Und so sitzen die beiden Eheleute in ihrer umgebauten Wassermühle auf dem Lande und warten, nähren ihre Sehnsüchte und Hoffnungen, bis es eines Abends an der Tür klingelt und er endlich da ist. Ganz anders als erwartet, besonders in Nataschas Augen. Kein Latin Lover, sondern aufgeschwemmt und kettenrauchend steht er da, der junge Doktorand. Und doch ist das völlig nebensächlich, denn er ist endlich eingetroffen. Und nur das zählt. Mit offenen Armen wird er empfangen, von ihr und von ihm. Und schon geht es los, das Hick-Hack um den größeren Anteil an Quality Time mit dem Sehnsuchtsgast.

Mehr will ich vom Plot gar nicht erzählen. Dass der junge Doktorand sich als herbe Enttäuschung entpuppt und weder Nataschas Sehnsüchten noch Günters Hoffnungen entspricht, kann man sich vielleicht denken. Doch diese Vorhersehbarkeit schmälert in keinster Weise das Lesevergnügen an dieser kleinen „Gesellschaftsparabel über unser allgegenwärtiges Bedürfnis, gesehen zu werden“, wie es auf dem Backcover heisst.

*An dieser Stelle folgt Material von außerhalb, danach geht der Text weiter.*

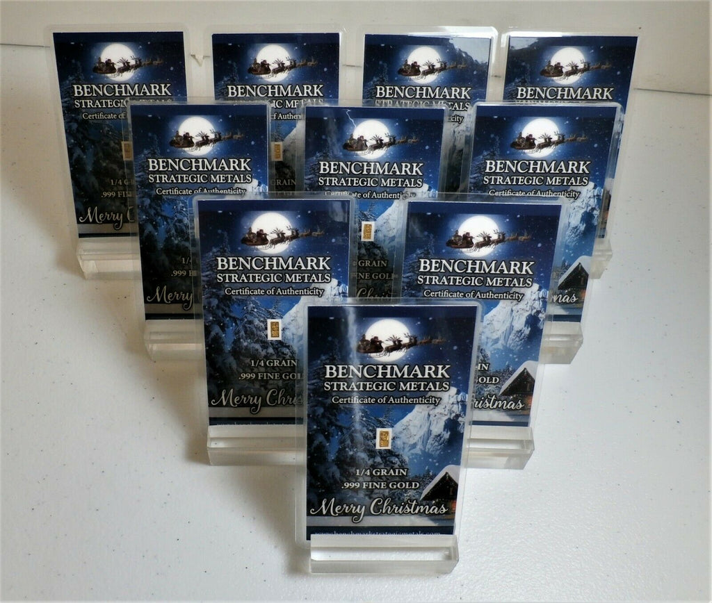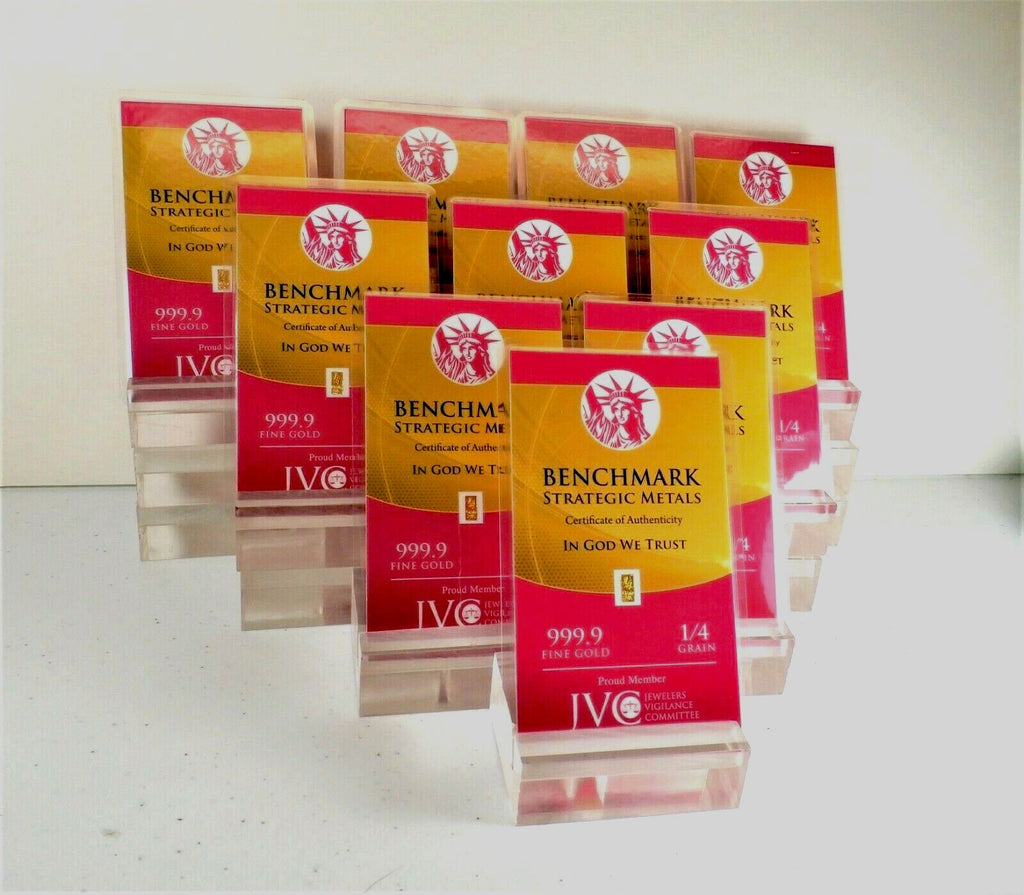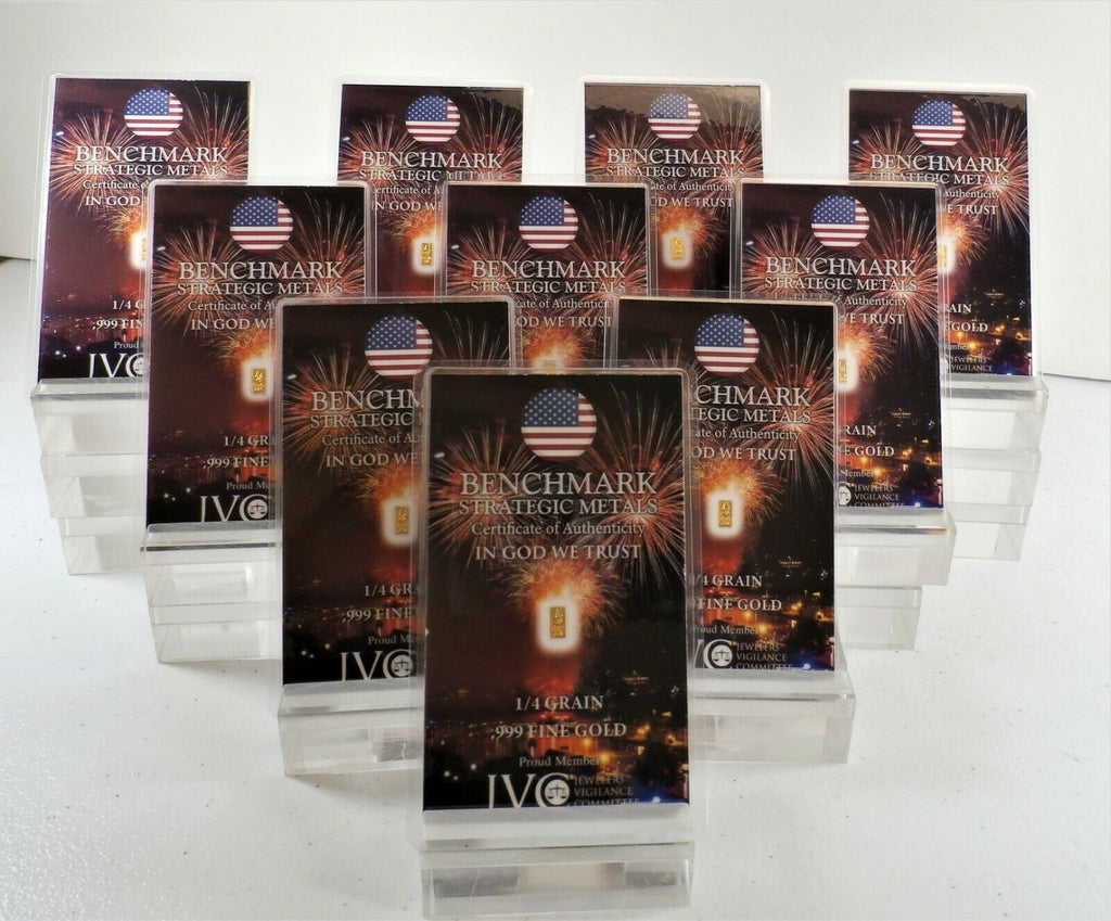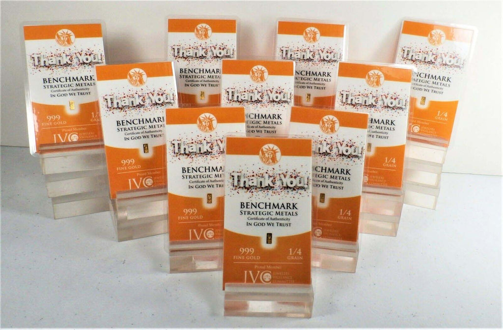 LOT 10 X 1/4 GRAIN .9999 FINE 24K GOLD BULLION BAR - IN COA CARD

Jan Peter Bremer hat einen sehr eigenen, mit feinsinnigem Humor durchwebten Erzählstil und ist ein wahrer Meister der Dialoge. Die Streitereien zwischen Natascha und Günter sind so lebendig und einfühlsam geschildert, als streite man als Leser mit. Ich hätte mir am Ende noch ein wenig mehr als die 176 großzügig formatierten Seiten gewünscht, Aber nur, weil mir das Lesen so viel Spaß gemacht hat. Gefehlt hat mir an der Geschichte nichts, und meiner Meinung nach ist dieser Roman vollkommen zu recht auf der Longlist des Deutschen Buchpreises gelandet.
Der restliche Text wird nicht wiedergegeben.